═══ Input for this task ═══

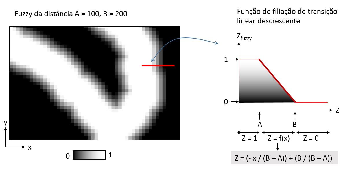 (“proximidade@1” <= A) + (“proximidade@1” > A) * (“proximidade@1” < B) * ((- “proximidade@1” / (B – A)) + (B / (B – A)) )
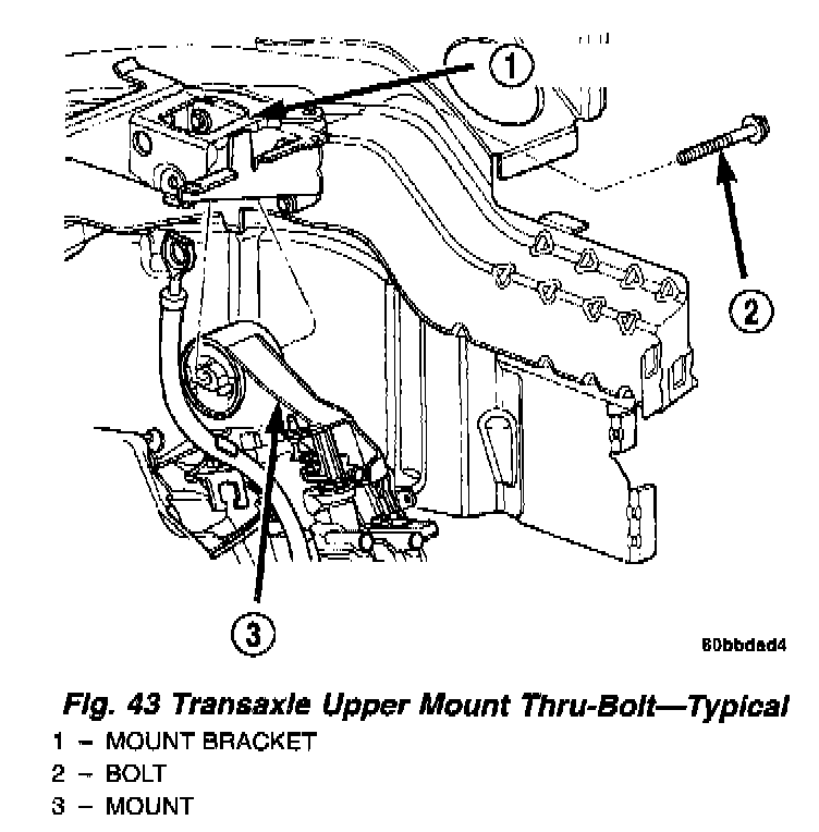 22. Remove transaxle upper mount thru-bolt. Gain access to this bolt through the driver's side wheel house (Fig. 43).
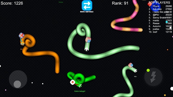 在Slink io中控制蠕虫很简单,因为完全使用手指来控制爬网。蠕虫会不断沿您的手指方向滑动,因此转动爬行蠕虫游戏就像移动手指技能一样简单,可以快速提高速度,从而使您快速摆脱敌方蠕虫的困扰。 Slink .io游戏具有卡通风格的图形,并且没有文字,声音或音乐,因此无论是在学校还是在工作中,都是安全的游戏。通过在社交媒体上共享游戏,您可以赢得更多敌人。
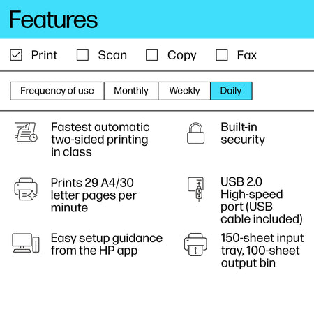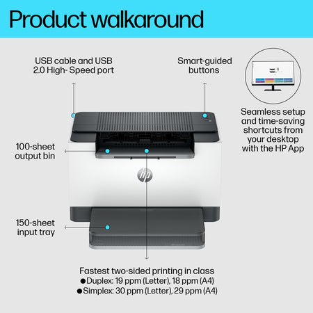 Super capable. Super compact. Increase productivity with this high-performance black-and-white printer in an award-winning compact design.[2] Experience the fastest two-sided printing in class[8] plus simplified setup and time-saving features with the HP app.[3]
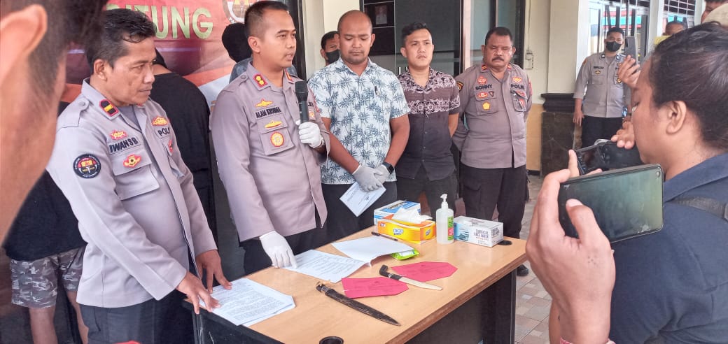 NASIONALXPOS.CO.ID, BITUNG – Kasus pembunuhan terjadi pada Selasa (30/8/2022) di Kelurahan Girian Weru Satu, Kecamatan Girian, Kota Bitung sekira pukul 03.00 wita. Respon cepat, anggota Satreskrim  Polres berhasil mengamankan para pelaku pada Rabu (31/8/2022) sekira pukul 13.00 wita di Lorong Union, Kecamatan Madidir, Kota Bitung.
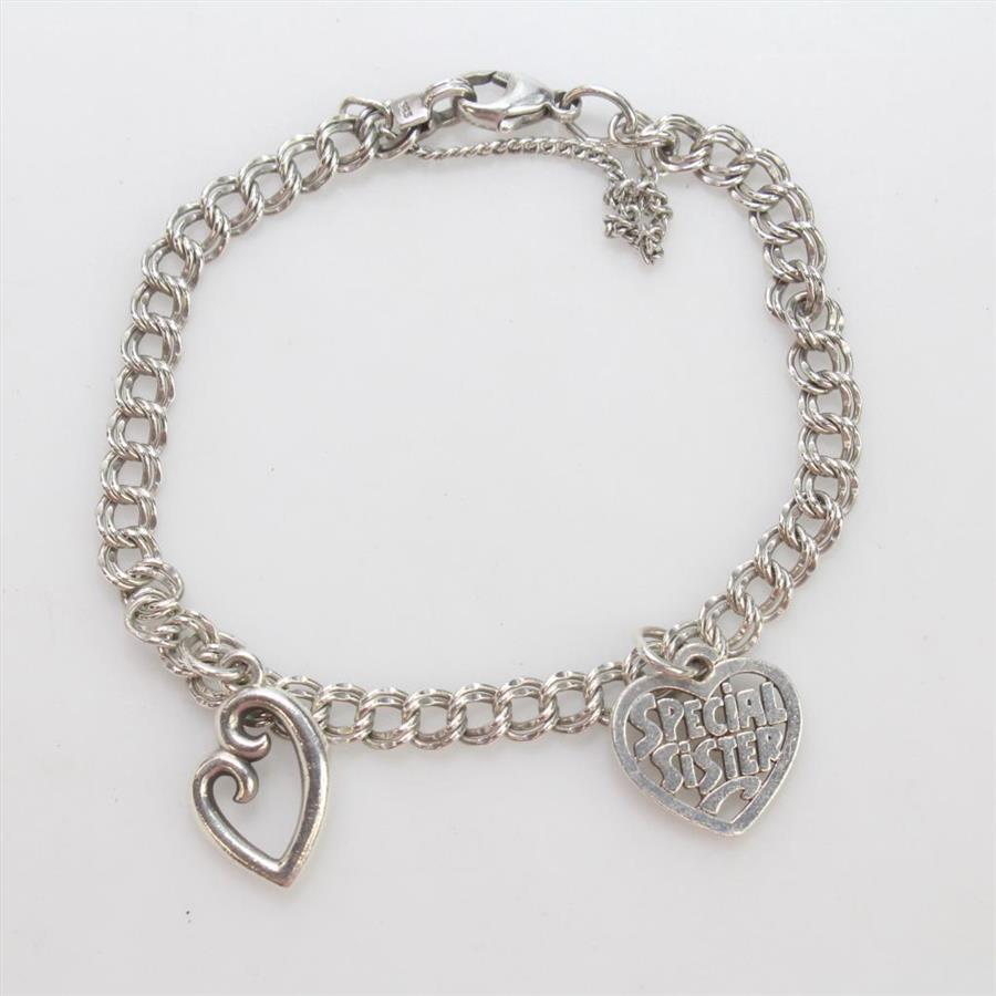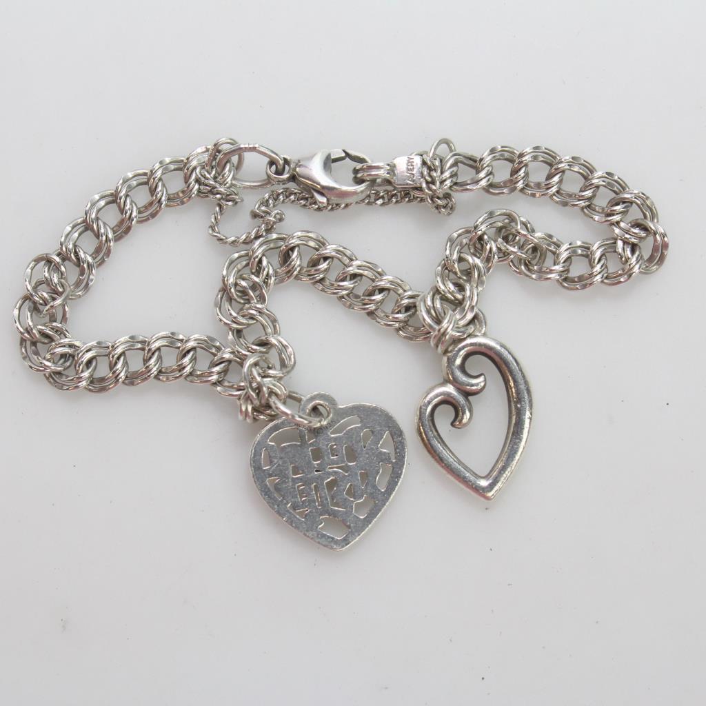 Silver James Avery Bracelet With 2 Heart Charms, 10.71g
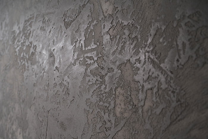 Naneste druhou vrstvu pomocí dekorativních technik, jako je „roztahování“ nebo „rozetírání“. Vytvořte nepravidelný reliéf připomínající beton. Po krátkém zaschnutí hmoty (15 až 30 minut) lze povrch dodatečně vyhladit.
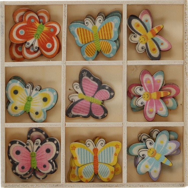 Dekoracijos medinės dėž. „Drugeliai” 27vnt. TITANUM
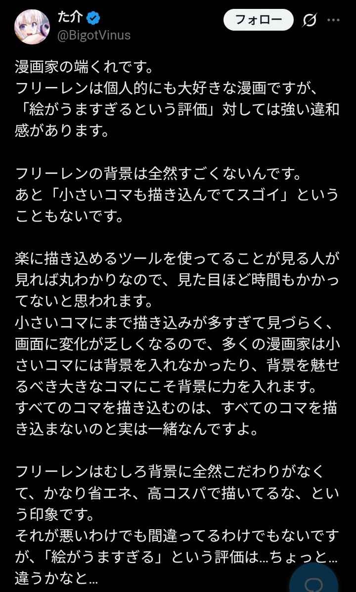 - こんな長文で批判したくなるほどフリーレンの絵って絶賛されてたっけ

═══

Try it:
Those lines of the records above that run from the one containing "Super capable. Super" through the one containing "Silver James Avery" should be returned exactly, with no pictures among them.

Answer for this exercise:
 Super capable. Super compact. Increase productivity with this high-performance black-and-white printer in an award-winning compact design.[2] Experience the fastest two-sided printing in class[8] plus simplified setup and time-saving features with the HP app.[3]
 NASIONALXPOS.CO.ID, BITUNG – Kasus pembunuhan terjadi pada Selasa (30/8/2022) di Kelurahan Girian Weru Satu, Kecamatan Girian, Kota Bitung sekira pukul 03.00 wita. Respon cepat, anggota Satreskrim  Polres berhasil mengamankan para pelaku pada Rabu (31/8/2022) sekira pukul 13.00 wita di Lorong Union, Kecamatan Madidir, Kota Bitung.
 Silver James Avery Bracelet With 2 Heart Charms, 10.71g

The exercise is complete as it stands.